Estancamiento enteramente voluntario

Competencia y Regulación

La economía del país se encuentra estancada y el clima político generado por ello es una mezcla extraña de resignación y militancia. Resignación respecto a lo que para algunos es simplemente un designio divino y militancia para otros que, sin el menor análisis o evidencia, han concluido que la causa es “el modelo económico”. En la economía, como en muchos otros ámbitos, las explicaciones reales tienden a ser mucho más racionales y mundanas que las comúnmente ofrecidas, en tanto que los ataques “al modelo” son mera retórica que esconde el rechazo que grupos poderosos manifiestan a la implantación de medidas que darían solución a los problemas económicos actuales, pero atentarían contra su ideología y, más importante, negocios personales o sectarios. El estancamiento de la economía no es algo misterioso; es el resultado de la falta de acción gubernamental pero, sobre todo, legislativa.

La economía se ha estancado por tres razones principales: primero, el motor que la hizo funcionar en los años pasados, la economía norteamericana, perdió dinamismo desde el 2000 y, aunque ha comenzado a resurgir, su impacto sobre nuestra actividad productiva ha menguado; segundo, la economía mexicana ha perdido competitividad de manera aterradora; y, tercero, no existen motores internos de crecimiento que pudieran substituir la función desempeñada con anterioridad por la economía estadounidense. No hay nada de esotérico en todo esto y sí, en cambio, mucho de preocupante: mientras no se modifiquen las causas que han llevado al estancamiento, el futuro no será promisorio.

Los críticos del modelo económico no actúan con ingenuidad, saben muy bien lo que hacen. Su crítica no es tanto al modelo, como a la suma de los intereses que se han visto afectados por los cambios sufridos en la estructura económica a lo largo de las últimas dos décadas. Sus argumentos revelan una nostalgia por aquellos tiempos cuando los políticos y la burocracia tenían capacidad de decidir por toda la población lo que, pensaban, era mejor para ésta. Es decir, detrás de la crítica al modelo económico se esconde un rechazo ideológico y filosófico a la noción de que son los votantes y los consumidores los que deben decidir qué es lo que más les conviene; en contrapartida, protegen a los beneficiarios del viejo sistema político, como los monopolios (públicos y privados) y los sindicatos que llevan décadas de depredar a costa de toda la población. Por ejemplo, si la luz eléctrica cuesta más en México que en naciones con que competimos, alguien se está beneficiando de la diferencia: es decir, o bien la CFE es sumamente ineficiente (que no lo es tanto) o el sindicato obtiene canonjías por las que pagamos todos los consumidores.

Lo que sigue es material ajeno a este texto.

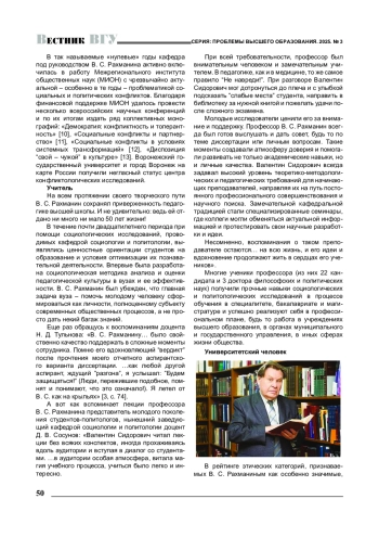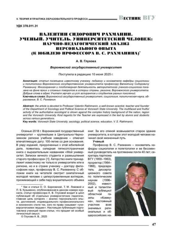 Статья посвящена известному ученому, педагогу и основателю кафедры социологии и политологии Воронежского государственного университета профессору Валентину Сидоровичу Рахманину Многогранная и плодотворная деятельность авторитетного ученого-социолога показана на фоне ярких и сложных поворотов в истории страны, региона, Воронежского университета. Добрые слова в адрес Учителя звучат из уст аспирантов и студентов разных поколений.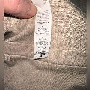 52% cotton 48 % polyester. Pit to pit 18” , length 28”

El cambio de “modelo” económico ocurrió al final de los ochenta, más por falta de opciones que por un verdadero animo de transformar al país. Si uno recuerda, el viraje tuvo lugar a lo largo de los ochenta y fue producto de la ausencia de alternativas: el primer intento del gobierno del entonces presidente Miguel de la Madrid fue el de administrar la crisis de deuda y restaurar el equilibrio en las finanzas públicas, pero sin abrir la economía ni transformar el sistema productivo. Estos cambios, hechos a regañadientes y de manera incompleta, se dieron como producto del ensayo y el error. En otras palabras, a diferencia de lo que pregonan los críticos sobre la dramática transformación ideológica de los ochenta, dicho cambio fue producto de un contexto cambiante al que el gobierno se adecuó poco a poco y sin mayor convicción. Hubo sin duda una sustitución del modelo existente, pero nunca se consolidó la economía liberal que los críticos denuncian como la causa de todos los males.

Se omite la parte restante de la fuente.